▸ INFORMATION SUPPLIED
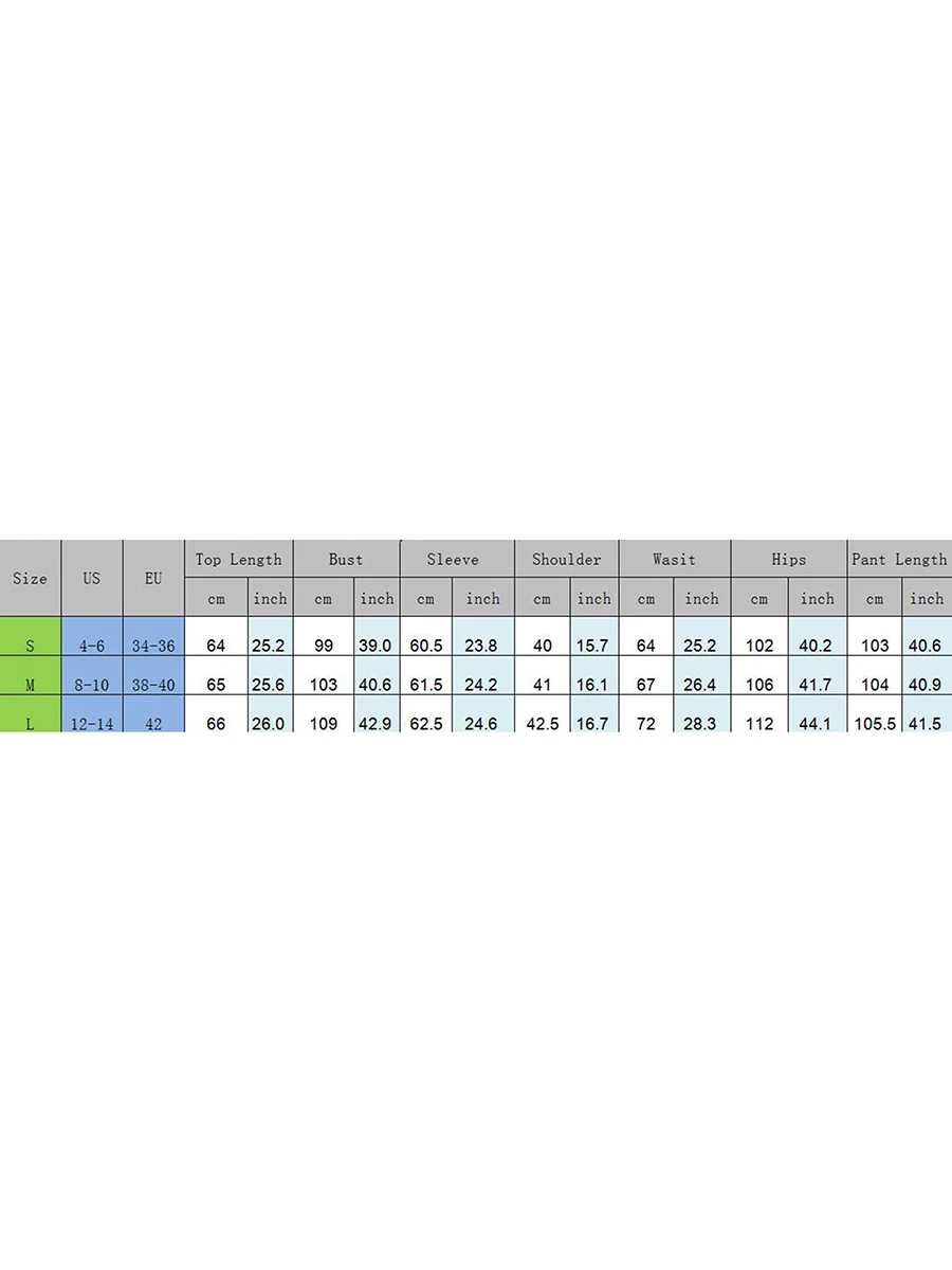 S Tops Length: 25.2 Bust: 38.98 Sleeve: 23.82 Shoulder: 15.75 Pants Length: 40.55 Waist: 25.2 Hip: 40.16
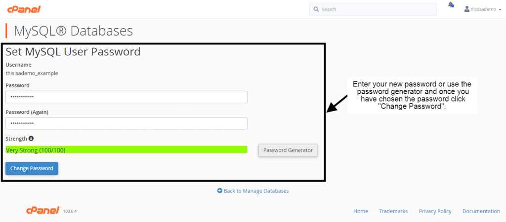 Your database user will now be updated with the new password and you can use that to connect to the database. If you have any questions or need help, get in touch!
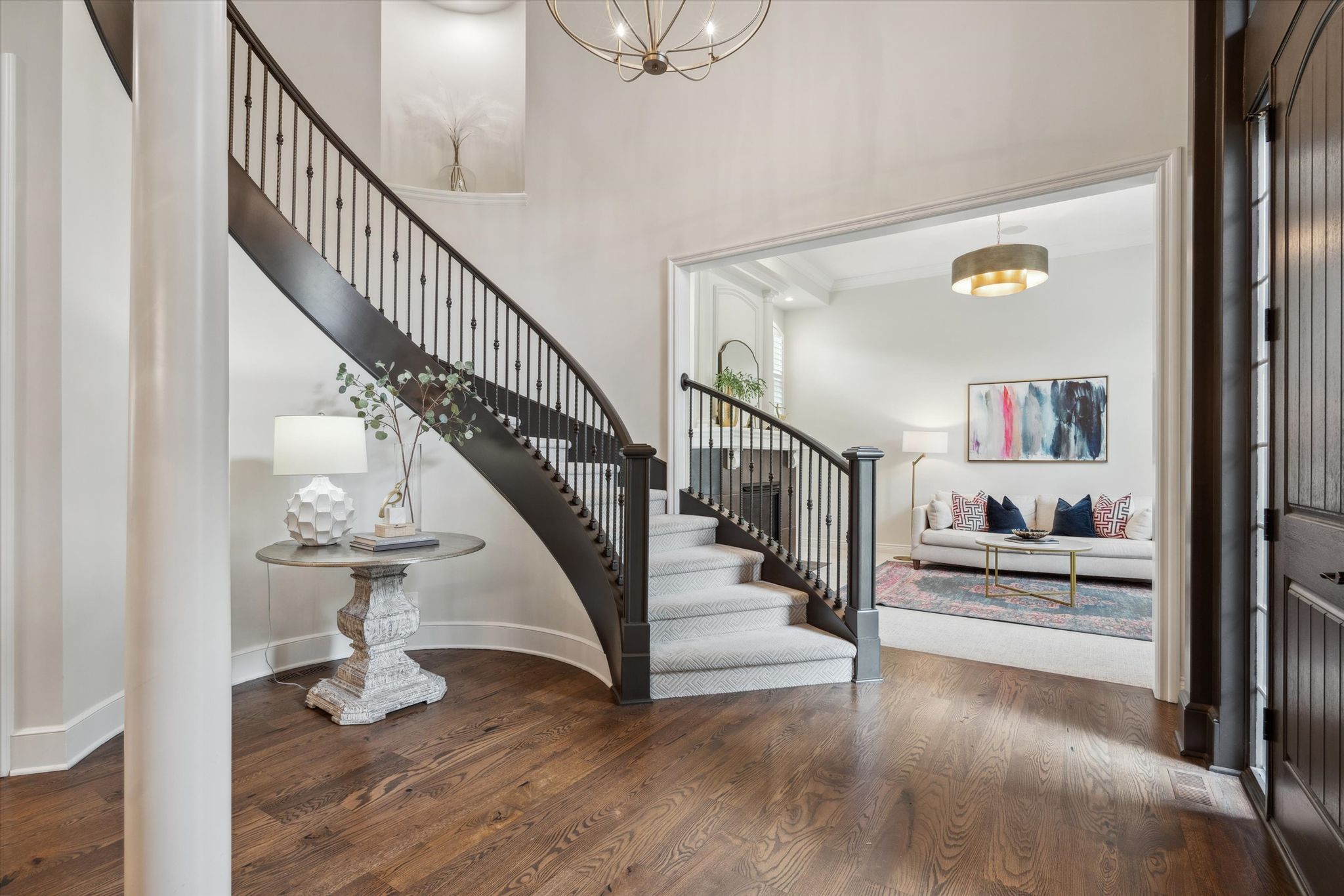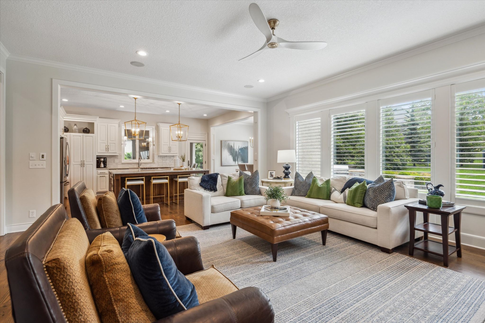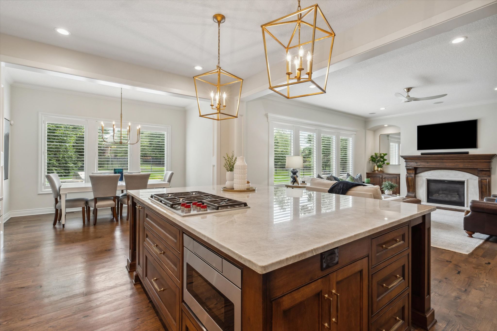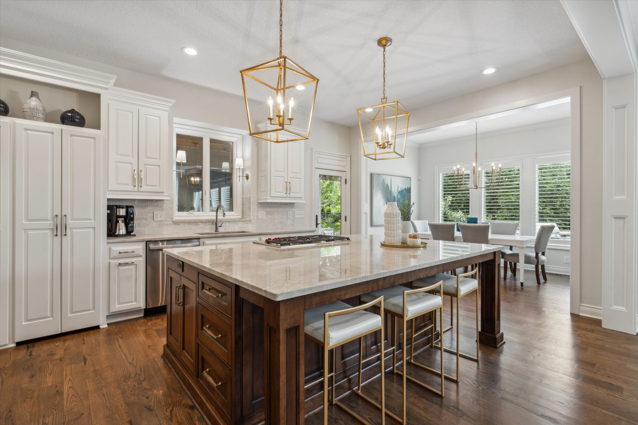 Welcome to this stunning 2-story home nestled in the heart of Mills Farm, one of South Johnson County’s most prestigious and family-friendly neighborhoods. A grand curved staircase and soaring ceilings welcome you as you walk in. Flanking the foyer are a formal living room with 12-foot ceilings and an elegant formal dining room—perfect for hosting gatherings or holiday dinners. The spacious great room is bathed in natural light and features custom built-ins, a beautiful fireplace, and flows seamlessly into the designer kitchen—a true showpiece with a massive island, spectacular Taj Mahal Quartzite countertops, Wolf gas cooktop, double ovens, generous storage, and plenty of seating. Just off the kitchen is a sunny eat-in area and a private main floor office with built-ins and direct access to the lanai. The outdoor living spaces are just as impressive. Enjoy summer barbecues or evening relaxation on the expansive lanai with a brand-new cedar ceiling and outdoor fireplace, plus a patio with built in grill area & a pergola that looks out to the large, flat, and private backyard—perfect for play or entertaining. Upstairs, you’ll find three spacious guest suites, each with walk-in closets and private en suite bathrooms. The luxurious primary suite is a true oasis with tons of space, a fireplace, and storage. The primary bath includes dual sinks, a vanity, large whirlpool tub, a walk in tile shower, a massive walk-in closet and a built-in coffee/wine station. Additional highlights include recently refinished hardwoods on the main floor, new carpet throughout, the most charming half bath on the main level, and a massive unfinished basement offering endless opportunities. Located in the award-winning Blue Valley School District, with Timber Creek Elementary conveniently within the neighborhood, Mills Farm offers unbeatable community amenities: multiple pools, a waterslide, tennis courts, a beautiful clubhouse, and playgrounds.

▸ PROBLEM STATEMENT
Word for word, output the lines from the beginning of the listing through the line holding "Your database user" and nothing beyond them. Omit the pictures.

▸ YOUR SOLUTION
 S Tops Length: 25.2 Bust: 38.98 Sleeve: 23.82 Shoulder: 15.75 Pants Length: 40.55 Waist: 25.2 Hip: 40.16
 Your database user will now be updated with the new password and you can use that to connect to the database. If you have any questions or need help, get in touch!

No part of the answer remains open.